Lawyer and researcher Warren Forster said rejecting more than one in four claims was a lot, given patients needed a specialist medical referral to even make a claim.
“It’s a very high decline rate, bearing in mind this is meant to be a no-fault system, and you don’t even get to the start line, until you get a medical certificate that someone’s experienced treatment injury.”
The increasing decline rate mattered, because it was so difficult to overturn a rejection, Forster said.
“It’s a really, really hard test to overcome, and to expect people to be able to challenge that themselves is impossible. Imagine you had a specialist type of cancer and there was no GP there to help you get that treatment. You had to go and find someone to give you that treatment, and then find a way to fund that treatment.
“That’s basically what’s happening with these treatment injury cases.
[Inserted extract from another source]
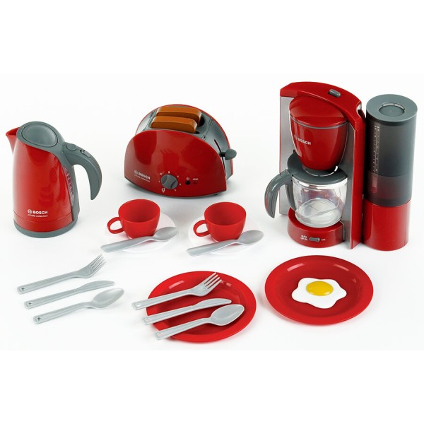 "Набір для сніданку Bosch - Іграшка з допустимими для використання дітьми функціями - Дизайн Bosch Набір, що складається з: - Тостер із механічною функцією - Кавоварка з можливістю заповнення водою та подачею води - Чайник, може бути заповнений водою - Смажене яйце, 2 тарілки, 2 вилки, 2 ножі, 2 ложки, 2 блюдця, 2 чашки, 2 кухонні ложки - Рекомендується дітям віком від 3 років"

You need a particular type of expert, and good luck finding them.”
A funded service to give claimants access to independent experts would make the system fairer, Forster said.
Harm from a lack of treatment - such as a missed diagnosis or misdiagnosis - was also hard to prove, Forster said.
“I’ve had a series of cases around failure to diagnose endometriosis, and ACC basically says, well, we don’t know if it would have made any difference if we’d treated it.”
Endometriosis New Zealand chief executive Tanya Cooke was aware of recent cases of women taking treatment injury claims for misdiagnosis.
The best hope to avoid more claims, was to help doctors recognise the complex condition by adopting new clinical guidelines already in place in Australia, she said.
“That complexity does not lessen the frustration and harm caused when diagnosis is delayed or a condition is misdiagnosed, and we know many people with endometriosis have spent years trying to have their symptoms recognised.”
ACC said there could be many reasons for declining a treatment injury claim, including lack of any physical injury caused by the treatment, a lack of a causal link, an underlying condition, or the injury being an “ordinary consequence” of treatment.
The number of treatment injury claims lodged with ACC should not be taken as an accurate gauge of how often patients are harmed by healthcare, or the quality of care, it added.